Supplied data =>

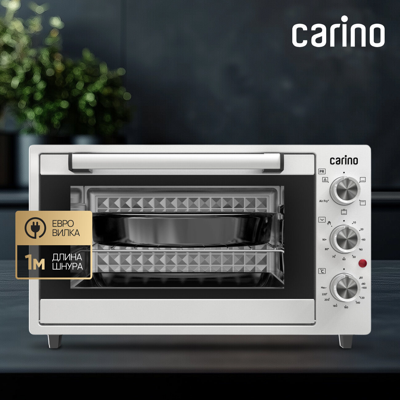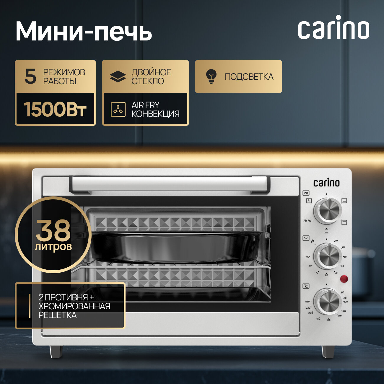 Мини-печь CARINO CM3875, 5 режимов, 38л, AIR FRY конвекция, 1500 Вт, подсветка интересное:
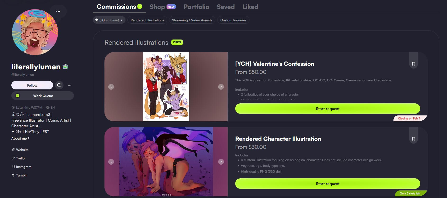 Hello! My name is Lumen (He/They). I’m an illustrator, cartoonist and sequential/character artist based out of Detroit, graduating with a Bachelor’s of Fine Arts in 2026 in illustration. You may be familiar with my mascot Artie! I love drawing him whenever I can, so if you see him, I'm probably not far!For the majority of my career as an artist, I’ve mainly worked
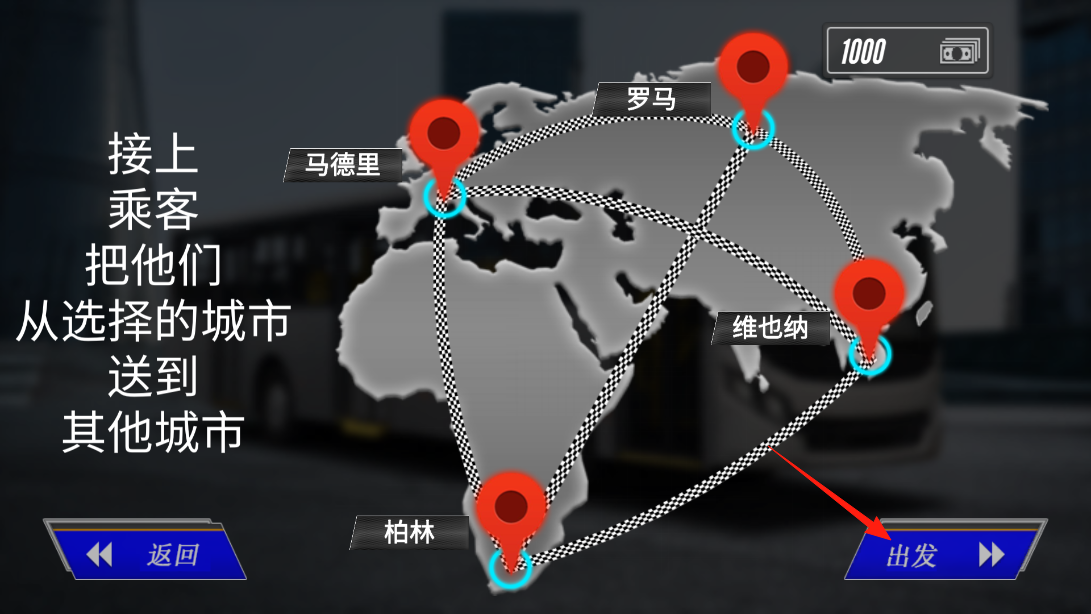 3、在城市地圖界面,依據(jù)提示“接上乘客,送往其他城市”,點(diǎn)擊“出發(fā)”,選定運(yùn)輸路線,借城市聯(lián)運(yùn)機(jī)制,駕駛巴士穿梭于不同城市間,完成乘客接送,體驗(yàn)長(zhǎng)途運(yùn)輸?shù)牟呗酝娣ā?
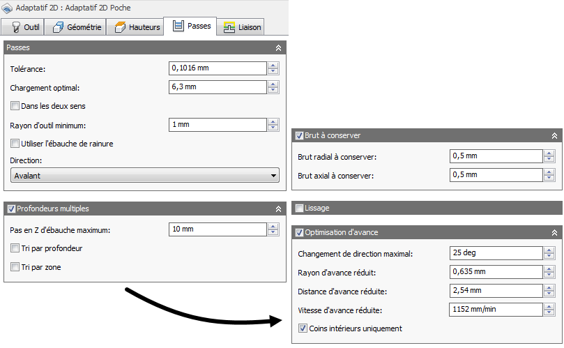 Dans le cadre des opérations de finition, la valeur par défaut est égale à 0 mm/0 po ; autrement dit, aucune quantité de matière n'est conservée.
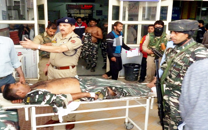An injured CRPF jawan being shifted to Anantnag hospital on Wednesday. —Excelsior/Sajjad Dar By Daily Excelsior - June 13, 2019 Share FacebookTwitterWhatsAppPinterestLinkedinCopy URLTelegramEmailTumblrReddItPrintKoo An injured CRPF jawan being shifted to Anantnag hospital on Wednesday. —Excelsior/Sajjad Dar An injured CRPF jawan being shifted to Anantnag hospital on Wednesday. —Excelsior/Sajjad Dar Follow our WhatsApp channel
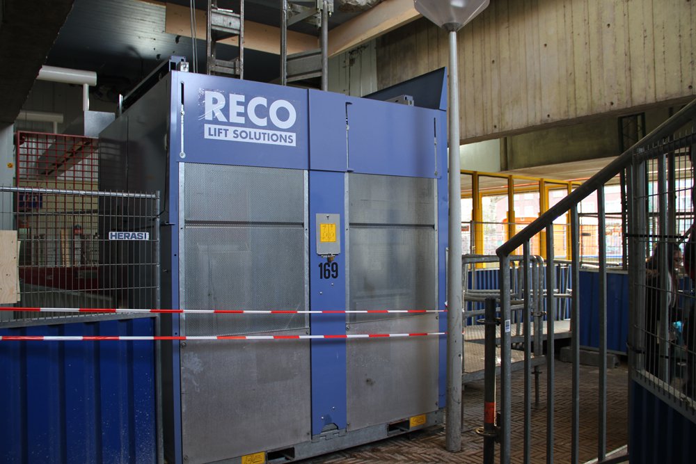RECO Lift Solutions heeft dit opgelost door de inzet van een tijdelijke GEDA P18S personenlift. Deze tijdelijke personenlift heeft als voordeel dat de basis module relatief licht van gewicht- en compact is, waardoor deze eenvoudig per heftruck naar moeilijk te bereiken opstellocaties getransporteerd kan worden.

Exercise brief =>
Write out exactly the lines from the line that contains "Dans le cadre" to the last line of the material above, both included; pictures do not belong in the copy.

Solution to this task =>
 Dans le cadre des opérations de finition, la valeur par défaut est égale à 0 mm/0 po ; autrement dit, aucune quantité de matière n'est conservée.
An injured CRPF jawan being shifted to Anantnag hospital on Wednesday. —Excelsior/Sajjad Dar By Daily Excelsior - June 13, 2019 Share FacebookTwitterWhatsAppPinterestLinkedinCopy URLTelegramEmailTumblrReddItPrintKoo An injured CRPF jawan being shifted to Anantnag hospital on Wednesday. —Excelsior/Sajjad Dar An injured CRPF jawan being shifted to Anantnag hospital on Wednesday. —Excelsior/Sajjad Dar Follow our WhatsApp channel
RECO Lift Solutions heeft dit opgelost door de inzet van een tijdelijke GEDA P18S personenlift. Deze tijdelijke personenlift heeft als voordeel dat de basis module relatief licht van gewicht- en compact is, waardoor deze eenvoudig per heftruck naar moeilijk te bereiken opstellocaties getransporteerd kan worden.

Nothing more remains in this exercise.